Hint: Here, we are asked to prove the given expression. To prove this take one side of the given equation that is (left hand side) L.H.S or (right hand side) R.H.S and then simplify it using the trigonometry formulas.
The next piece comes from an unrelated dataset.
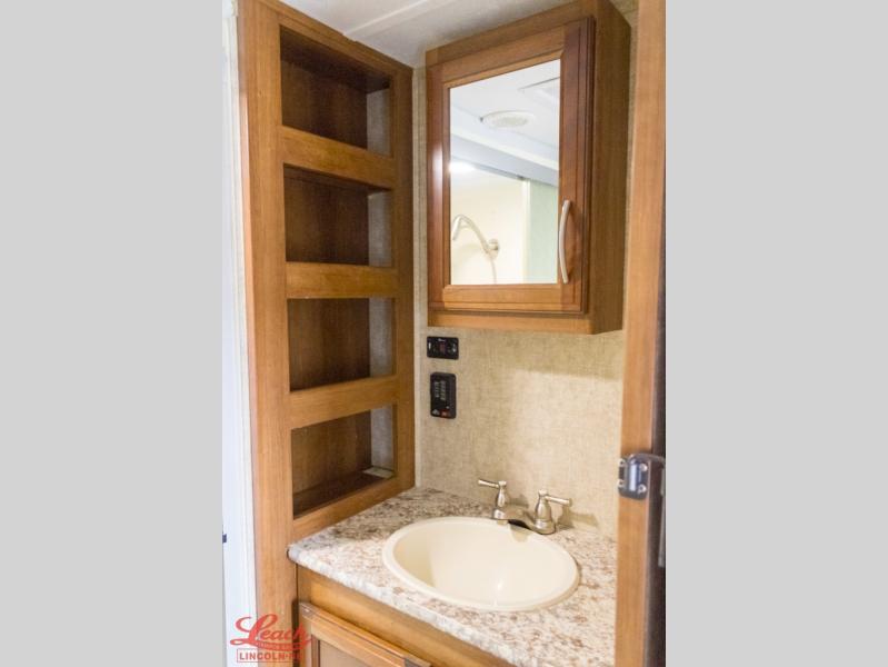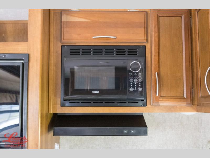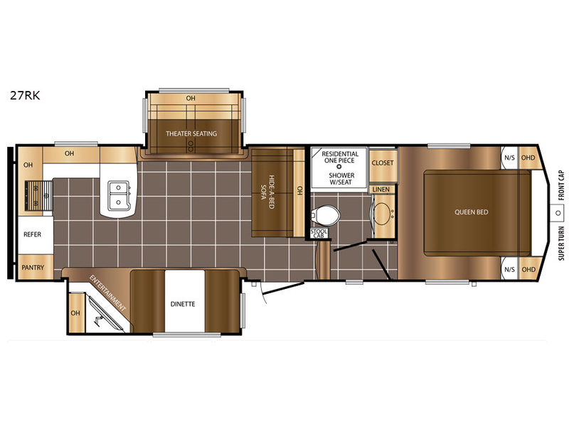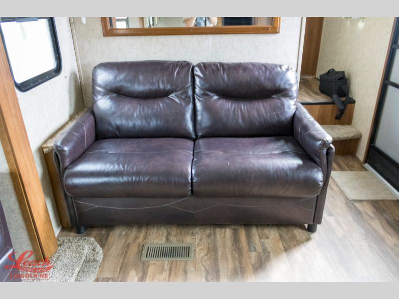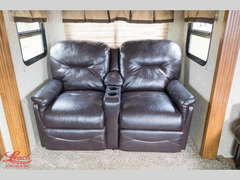 A road side slide out with theater seating for two and overhead cabinets is next to the hide-a-bed sofa along the interior wall. This makes a great space to visit with family and friends.

If you take the L.H.S then try to simplify it to make it equal to R.H.S and if you take R.H.S then try to make it equal to L.H.S. While solving, try to use the trigonometric formulas to simplify the steps.

Complete step-by-step answer:
We are asked to prove the equation \[\dfrac{{\sec 8A - 1}}{{\sec 4A - 1}} = \dfrac{{\tan 8A}}{{\tan 2A}}\]
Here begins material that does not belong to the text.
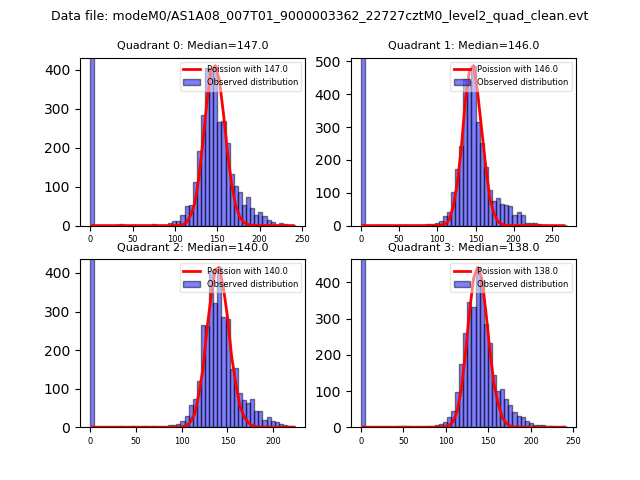 Red curve is a Poisson curve with rate = median count rate of data. |

First let us take the L.H.S \[ = \dfrac{{\sec 8A - 1}}{{\sec 4A - 1}}\]
We know, \[\sec x = \dfrac{1}{{\cos x}}\]
Using this on L.H.S we get,
\[{\text{L}}{\text{.H}}{\text{.S}} = \dfrac{{\sec 8A - 1}}{{\sec 4A - 1}} \\
   = \dfrac{{\dfrac{1}{{\cos 8A}} - 1}}{{\dfrac{1}{{\cos 4A}} - 1}} \\
= \dfrac{{\left( {1 - \cos 8A} \right)\cos 4A}}{{\left( {1 - \cos 4A} \right)\cos 8A}}\] (i)
We can write, \[{\sin ^2}x = \dfrac{1}{2}(1 - \cos 2x)\]
\[ \Rightarrow 2{\sin ^2}x = 1 - \cos 2x\]
Using this in equation (i) we get
\[{\text{L}}{\text{.H}}{\text{.S}} = \dfrac{{\left( {2{{\sin }^2}4A} \right)\left( {\cos 4A} \right)}}{{\left( {2{{\sin }^2}2A} \right)\left( {\cos 8A} \right)}}\]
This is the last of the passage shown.